**Provided data:**
══════════

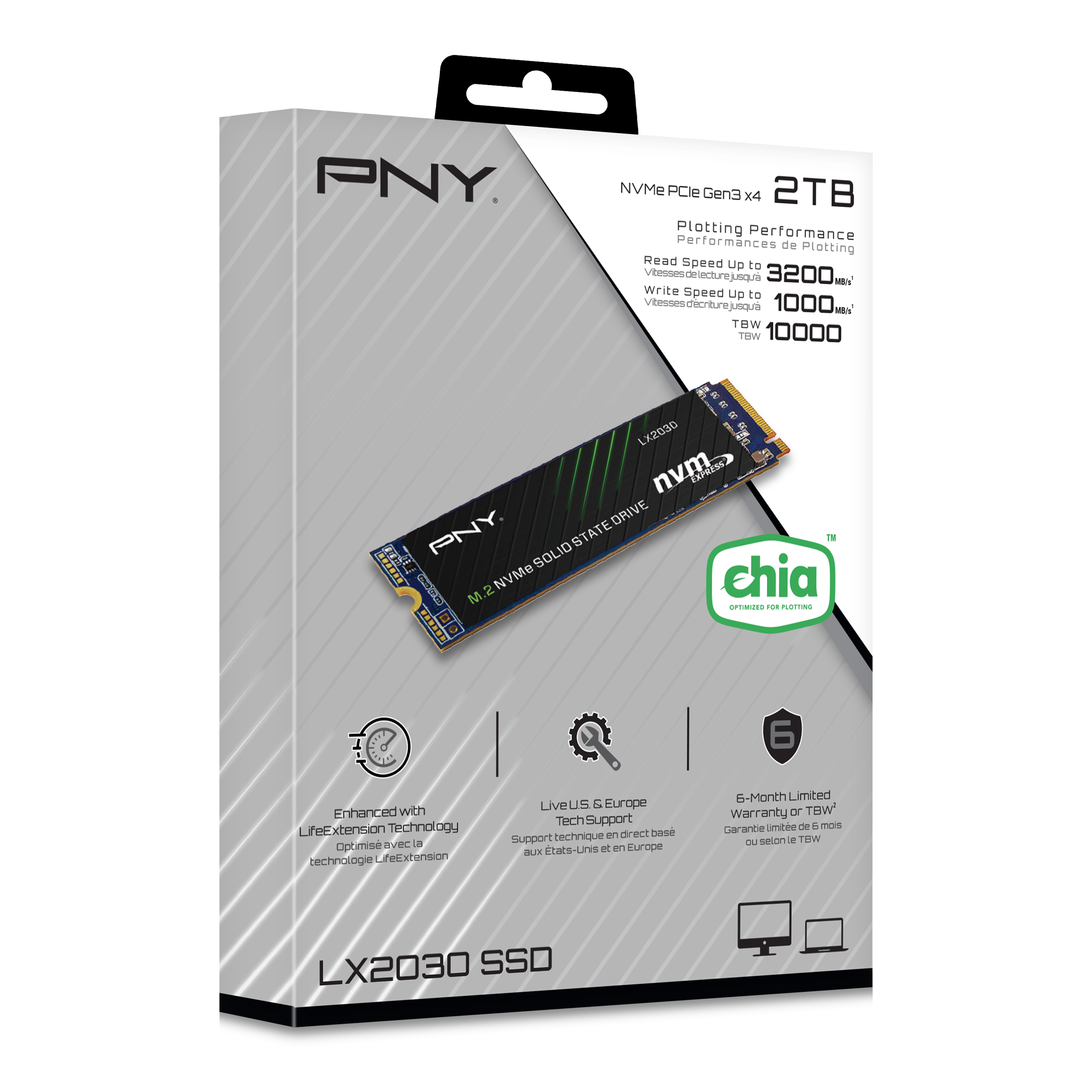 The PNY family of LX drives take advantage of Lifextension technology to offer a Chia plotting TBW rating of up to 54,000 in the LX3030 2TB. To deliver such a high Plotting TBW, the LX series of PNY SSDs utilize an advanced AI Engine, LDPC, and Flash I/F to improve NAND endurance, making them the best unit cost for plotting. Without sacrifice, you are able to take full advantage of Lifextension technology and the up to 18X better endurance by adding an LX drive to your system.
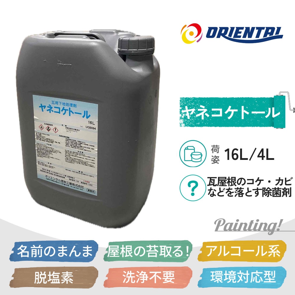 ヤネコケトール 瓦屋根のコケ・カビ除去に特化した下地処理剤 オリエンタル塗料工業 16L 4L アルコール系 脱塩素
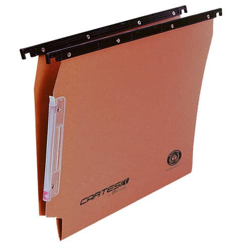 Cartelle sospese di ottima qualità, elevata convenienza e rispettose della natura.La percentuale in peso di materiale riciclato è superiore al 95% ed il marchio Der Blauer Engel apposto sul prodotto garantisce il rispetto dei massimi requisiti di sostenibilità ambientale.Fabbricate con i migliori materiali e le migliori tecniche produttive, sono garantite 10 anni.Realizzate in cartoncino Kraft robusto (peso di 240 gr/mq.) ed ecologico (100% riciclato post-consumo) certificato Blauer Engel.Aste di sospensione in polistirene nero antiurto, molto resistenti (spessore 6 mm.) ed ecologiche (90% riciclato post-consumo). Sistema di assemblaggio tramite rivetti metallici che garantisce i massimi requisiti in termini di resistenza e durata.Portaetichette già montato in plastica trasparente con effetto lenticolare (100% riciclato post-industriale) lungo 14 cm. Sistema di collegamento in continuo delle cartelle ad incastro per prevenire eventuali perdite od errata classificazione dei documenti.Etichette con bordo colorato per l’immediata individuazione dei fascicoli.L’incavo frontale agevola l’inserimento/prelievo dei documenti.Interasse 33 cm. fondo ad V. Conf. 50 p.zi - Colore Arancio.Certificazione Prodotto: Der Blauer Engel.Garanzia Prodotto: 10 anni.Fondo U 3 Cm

══════════

**Work to complete:** Pictures are not part of the copy; retype all the other material exactly.

**Finished task:**
 The PNY family of LX drives take advantage of Lifextension technology to offer a Chia plotting TBW rating of up to 54,000 in the LX3030 2TB. To deliver such a high Plotting TBW, the LX series of PNY SSDs utilize an advanced AI Engine, LDPC, and Flash I/F to improve NAND endurance, making them the best unit cost for plotting. Without sacrifice, you are able to take full advantage of Lifextension technology and the up to 18X better endurance by adding an LX drive to your system.
 ヤネコケトール 瓦屋根のコケ・カビ除去に特化した下地処理剤 オリエンタル塗料工業 16L 4L アルコール系 脱塩素
 Cartelle sospese di ottima qualità, elevata convenienza e rispettose della natura.La percentuale in peso di materiale riciclato è superiore al 95% ed il marchio Der Blauer Engel apposto sul prodotto garantisce il rispetto dei massimi requisiti di sostenibilità ambientale.Fabbricate con i migliori materiali e le migliori tecniche produttive, sono garantite 10 anni.Realizzate in cartoncino Kraft robusto (peso di 240 gr/mq.) ed ecologico (100% riciclato post-consumo) certificato Blauer Engel.Aste di sospensione in polistirene nero antiurto, molto resistenti (spessore 6 mm.) ed ecologiche (90% riciclato post-consumo). Sistema di assemblaggio tramite rivetti metallici che garantisce i massimi requisiti in termini di resistenza e durata.Portaetichette già montato in plastica trasparente con effetto lenticolare (100% riciclato post-industriale) lungo 14 cm. Sistema di collegamento in continuo delle cartelle ad incastro per prevenire eventuali perdite od errata classificazione dei documenti.Etichette con bordo colorato per l’immediata individuazione dei fascicoli.L’incavo frontale agevola l’inserimento/prelievo dei documenti.Interasse 33 cm. fondo ad V. Conf. 50 p.zi - Colore Arancio.Certificazione Prodotto: Der Blauer Engel.Garanzia Prodotto: 10 anni.Fondo U 3 Cm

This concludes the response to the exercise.